» TASK ITEM: Apart from the images, reproduce all of the data word for word.

» RECORDS PROVIDED:
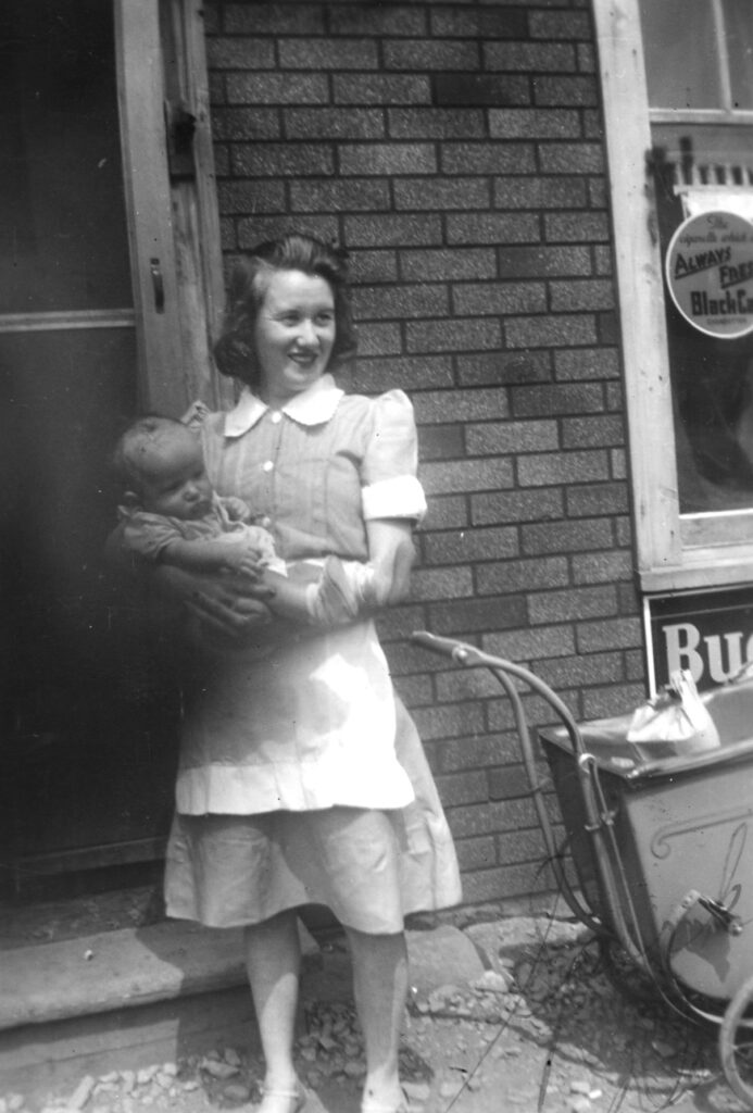 Woman and baby outside of a store. Woman is “Sparkie” Cecelia Moore/Bouchie. Baby is unknown.
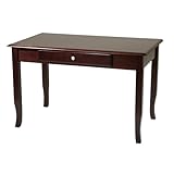 I shopped for months for the "right" affordable desk for our small office (converted from one of the bedrooms).I didn't want a cheap lightweight desk.Instead, I wanted a classy looking one that would work well with our existing medium to dark cherry wood furniture and one that was around 46-48" wide.(I actually had a hard time finding something I liked in this width; most desks/writing tables that caught my eye were way wider or even smaller.)I needed one that I could use for comfortably for writing (with space to spread out some books and files) as well as computer usage (mainly just to fit a keyboard and monitor as I have the hard drive sitting in a cabinet of sorts on the ground next to the desk). I didn't want side drawers to maximize space for me to move around.Further, I wanted nothing to obstruct the legs on the far end because I want to have just enough space to allow my 6 year old to sit across from me and color or do homework on occasion when I'm using the desk.I actually found this desk on another online store site (with good reviews) for less money than Amazon.However, because I have had excellent service from Amazon with respect to return goods, I decided to pay more for peace of mind in case this desk turned out to be a dud.My spouse installed this in under 1/2 hour and said it was fairly straight-forward.I initially was disappointed to find the drawer looked like a regular pull out drawer for storage of stuff that had a front panel around 4 inches deep (but the actual storage space of the drawer is only around 2 inches deep), wondering how awkward it would be to insert/remove a keyboard in it.(Before buying, I had read mixed descriptions for this desk's drawers; some sites mentioned just a drawer and others mentioned a keyboard try.I took a chance on this aspect.)Then I discovered that the entire front panel of the drawer pulls down so you have a flat bottom to slide the keyboard in/out.The front panel is connected to the side of the drawer by magnets.I can't comfortably type while the keyboard is in the drawer, though, as it is too low for me, and I'm about 5'7".I slide the drawer out and put the keyboard on top of the desk to type; and hide it away when I need a desk for writing.I do have one of those office task chairs with adjustable heights, and I need it at the highest level to type comfortably with the keyboard on the desktop.However, someone at least a few inches shorter than I am should be able to just keep the keyboard in the drawer/tray while typing.I was also able to pull my computer speaker cable and table lamp cord through a space between beams underneath the desktop all the way across the desk to reach the computer and outlet on the opposite side; since I have a cabinet right next to the desk to further hid the cable/cord from sight, my desktop is not cluttered with ugly cords.
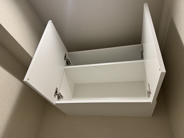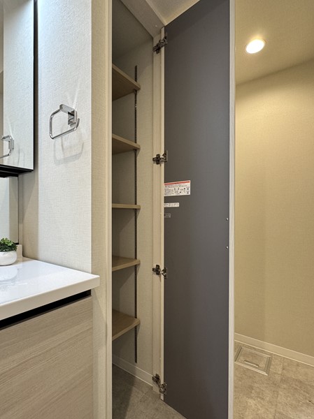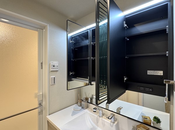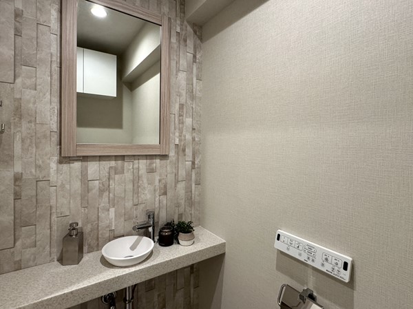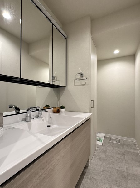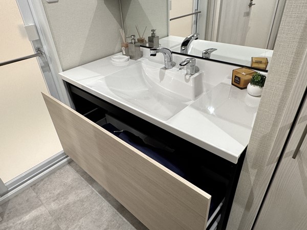 パウダールームには洗面化粧台を設置し、バスルームやトイレとコンパクトにまとまった水回り空間に仕上がりました。効率的な動線で日々の身支度や掃除がスムーズに行え、使い勝手の良さを実感していただけます。
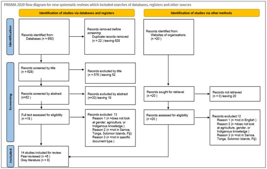 Data were extracted from papers included in the scoping review using a piloted form developed by the authors. The data extraction flow is summarised in Figure 1. The data extracted included specific details about participants, concepts, context, study methods and key findings relevant to the review question. All study details are captured in Table 2. The final number of records analysed was 14, with 6 academic papers and 8 studies from the grey literature. The larger number of germane studies from grey literature may be explained by the fact that most research on linkages between gender, agriculture and food production in the Pacific Islands is performed by international agencies such as UN Women as part of their remit to empower women economically and politically.
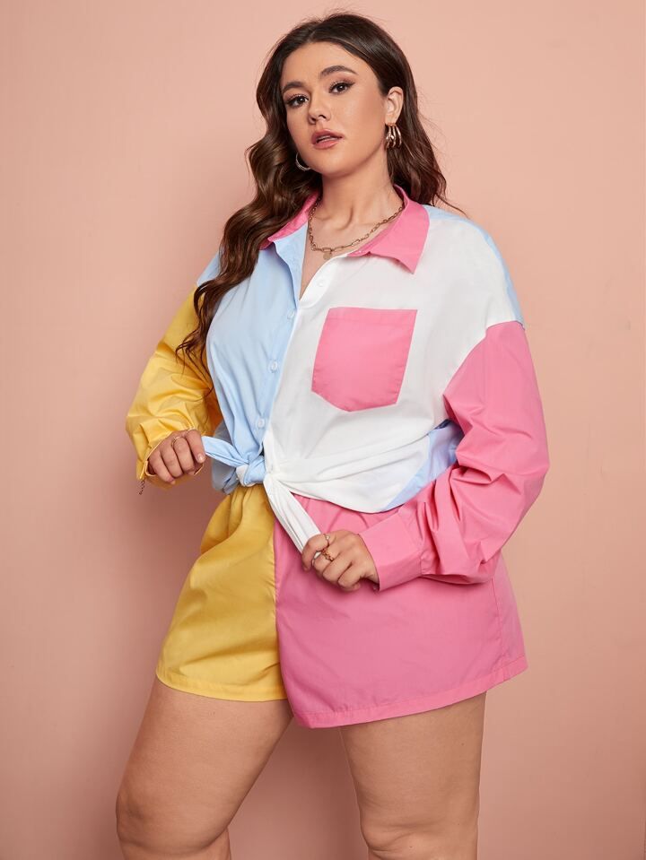 مقاس كبير منخفض الاكتاف ألوان متباينة بلوزة مع شورت طقم
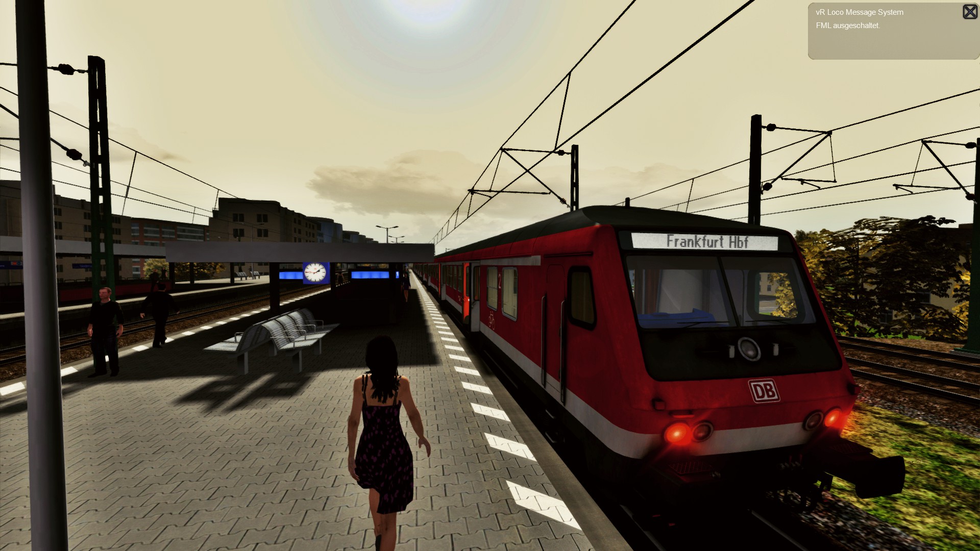 befindest dich vor der Einfahrt in den, Bahnhof Frankfurt Stadion und bringst deinen Zug nach
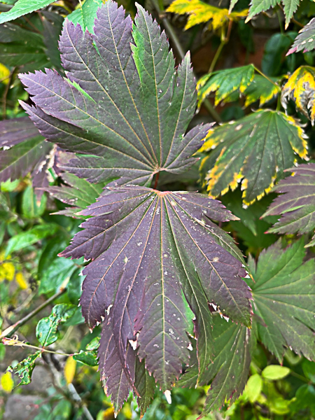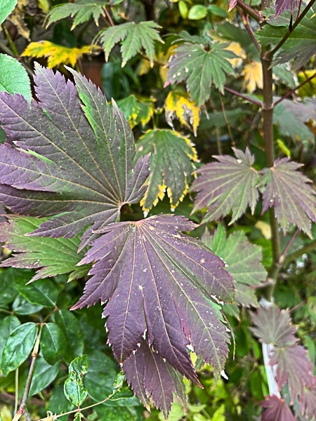 A distinct variety of Full Moon maple. Its leaves emerge black-red, brighten to red in late spring and soften to bronzy green with darker edges in mid to late summer. It gives a spectacular display of oranges, reds and purple in the autumn. Ht 8ft in 10 years. Acid soil. Part shade.
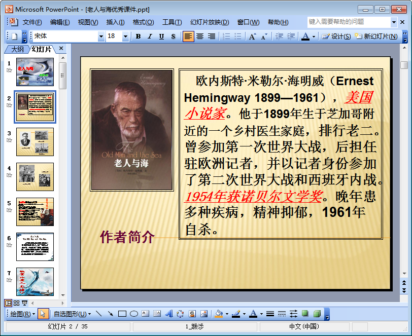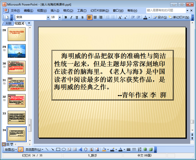 作者海明威是在什么样的背景下载创作出老人与海这本小说的呢?这本小说讲述的又是一个什么样的故事呢?小编为大家整理带来的这份由35页组成的海明威老人与海介绍ppt就详细全面的回答了这些问题,下文是该ppt的内容摘选及预览图,需要这份ppt完整内容的朋友只需轻轻点击本文相应的下载地址进行下载即可!
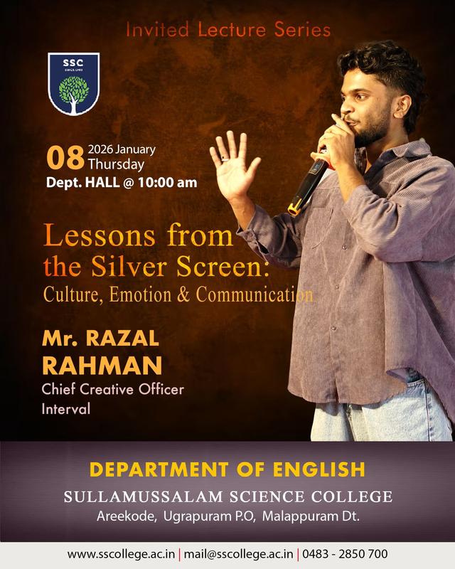 The PG Department of English at Sullamussalam Science College, Areekode, organized an invited talk titled "World of O.V. Vijayan: Poetics, Politics, and Ethics" on 6th November 2024. This session provided an insightful exploration of the works of O.V. Vijayan, one of Kerala’s most celebrated writers, focusing on the intersections of his literary poetics, political ideologies, and ethical concerns.
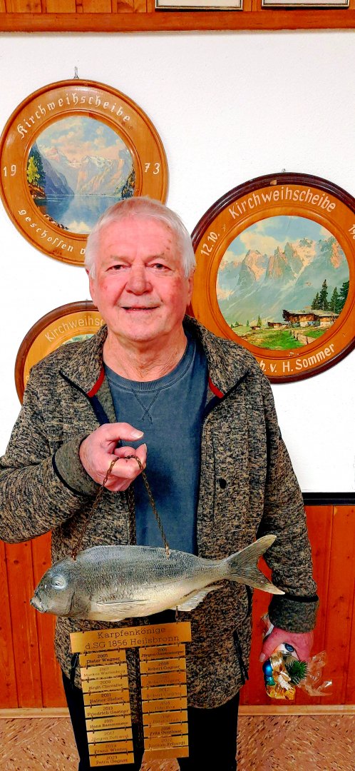 Am Karpfenschießen beteiligten sich 28 Schützen. Geschossen wurde wieder mit dem KK-Gewehr. Neuer Karpfenkönig wurde Walter Gsänger mit einem Zehner, gefolgt von Roman Erhardt mit einem Achter und Reiner Bernecker mit einer Sieben.
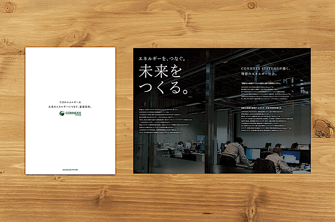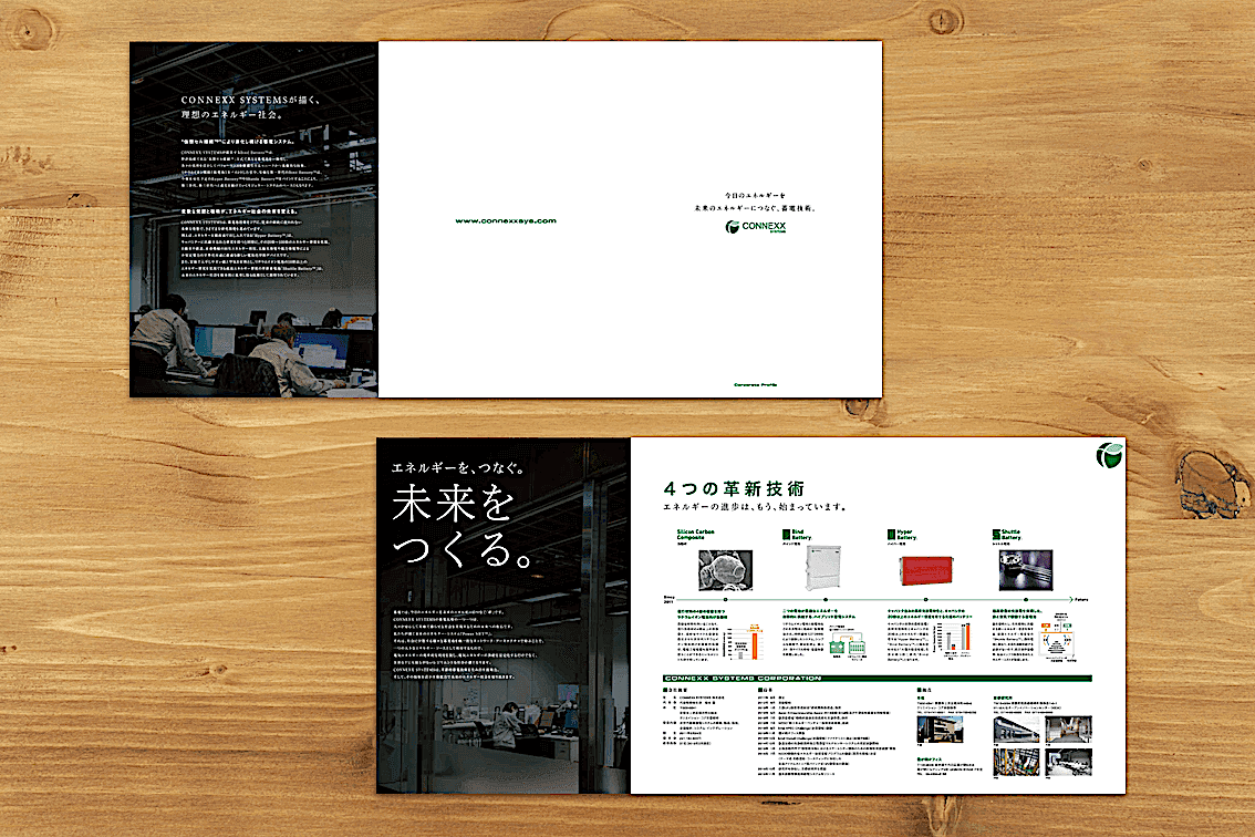 CONNEXX SYSTEMS様。特許技術を有する4つのバッテリーを紹介すると共に、コンセプトや企業情報がしっかりと伝わる会社案内をご要望頂き、複数の企画提案から本案をご採用頂きました。コンセプトを見開きでしっかりと伝え、次いで製品紹介へと展開する構成案です。また、会社案内と同時進行で各技術のロゴマーク開発にも着手。ネーミングの頭文字をモチーフに、それぞれの技術をシンボル化したデザイン案をご採用頂きました。

» SOLUTION TO THE PROBLEM:
 Woman and baby outside of a store. Woman is “Sparkie” Cecelia Moore/Bouchie. Baby is unknown.
 I shopped for months for the "right" affordable desk for our small office (converted from one of the bedrooms).I didn't want a cheap lightweight desk.Instead, I wanted a classy looking one that would work well with our existing medium to dark cherry wood furniture and one that was around 46-48" wide.(I actually had a hard time finding something I liked in this width; most desks/writing tables that caught my eye were way wider or even smaller.)I needed one that I could use for comfortably for writing (with space to spread out some books and files) as well as computer usage (mainly just to fit a keyboard and monitor as I have the hard drive sitting in a cabinet of sorts on the ground next to the desk). I didn't want side drawers to maximize space for me to move around.Further, I wanted nothing to obstruct the legs on the far end because I want to have just enough space to allow my 6 year old to sit across from me and color or do homework on occasion when I'm using the desk.I actually found this desk on another online store site (with good reviews) for less money than Amazon.However, because I have had excellent service from Amazon with respect to return goods, I decided to pay more for peace of mind in case this desk turned out to be a dud.My spouse installed this in under 1/2 hour and said it was fairly straight-forward.I initially was disappointed to find the drawer looked like a regular pull out drawer for storage of stuff that had a front panel around 4 inches deep (but the actual storage space of the drawer is only around 2 inches deep), wondering how awkward it would be to insert/remove a keyboard in it.(Before buying, I had read mixed descriptions for this desk's drawers; some sites mentioned just a drawer and others mentioned a keyboard try.I took a chance on this aspect.)Then I discovered that the entire front panel of the drawer pulls down so you have a flat bottom to slide the keyboard in/out.The front panel is connected to the side of the drawer by magnets.I can't comfortably type while the keyboard is in the drawer, though, as it is too low for me, and I'm about 5'7".I slide the drawer out and put the keyboard on top of the desk to type; and hide it away when I need a desk for writing.I do have one of those office task chairs with adjustable heights, and I need it at the highest level to type comfortably with the keyboard on the desktop.However, someone at least a few inches shorter than I am should be able to just keep the keyboard in the drawer/tray while typing.I was also able to pull my computer speaker cable and table lamp cord through a space between beams underneath the desktop all the way across the desk to reach the computer and outlet on the opposite side; since I have a cabinet right next to the desk to further hid the cable/cord from sight, my desktop is not cluttered with ugly cords.
 パウダールームには洗面化粧台を設置し、バスルームやトイレとコンパクトにまとまった水回り空間に仕上がりました。効率的な動線で日々の身支度や掃除がスムーズに行え、使い勝手の良さを実感していただけます。
 Data were extracted from papers included in the scoping review using a piloted form developed by the authors. The data extraction flow is summarised in Figure 1. The data extracted included specific details about participants, concepts, context, study methods and key findings relevant to the review question. All study details are captured in Table 2. The final number of records analysed was 14, with 6 academic papers and 8 studies from the grey literature. The larger number of germane studies from grey literature may be explained by the fact that most research on linkages between gender, agriculture and food production in the Pacific Islands is performed by international agencies such as UN Women as part of their remit to empower women economically and politically.
 مقاس كبير منخفض الاكتاف ألوان متباينة بلوزة مع شورت طقم
 befindest dich vor der Einfahrt in den, Bahnhof Frankfurt Stadion und bringst deinen Zug nach
 A distinct variety of Full Moon maple. Its leaves emerge black-red, brighten to red in late spring and soften to bronzy green with darker edges in mid to late summer. It gives a spectacular display of oranges, reds and purple in the autumn. Ht 8ft in 10 years. Acid soil. Part shade.
 作者海明威是在什么样的背景下载创作出老人与海这本小说的呢?这本小说讲述的又是一个什么样的故事呢?小编为大家整理带来的这份由35页组成的海明威老人与海介绍ppt就详细全面的回答了这些问题,下文是该ppt的内容摘选及预览图,需要这份ppt完整内容的朋友只需轻轻点击本文相应的下载地址进行下载即可!
 The PG Department of English at Sullamussalam Science College, Areekode, organized an invited talk titled "World of O.V. Vijayan: Poetics, Politics, and Ethics" on 6th November 2024. This session provided an insightful exploration of the works of O.V. Vijayan, one of Kerala’s most celebrated writers, focusing on the intersections of his literary poetics, political ideologies, and ethical concerns.
 Am Karpfenschießen beteiligten sich 28 Schützen. Geschossen wurde wieder mit dem KK-Gewehr. Neuer Karpfenkönig wurde Walter Gsänger mit einem Zehner, gefolgt von Roman Erhardt mit einem Achter und Reiner Bernecker mit einer Sieben.
 CONNEXX SYSTEMS様。特許技術を有する4つのバッテリーを紹介すると共に、コンセプトや企業情報がしっかりと伝わる会社案内をご要望頂き、複数の企画提案から本案をご採用頂きました。コンセプトを見開きでしっかりと伝え、次いで製品紹介へと展開する構成案です。また、会社案内と同時進行で各技術のロゴマーク開発にも着手。ネーミングの頭文字をモチーフに、それぞれの技術をシンボル化したデザイン案をご採用頂きました。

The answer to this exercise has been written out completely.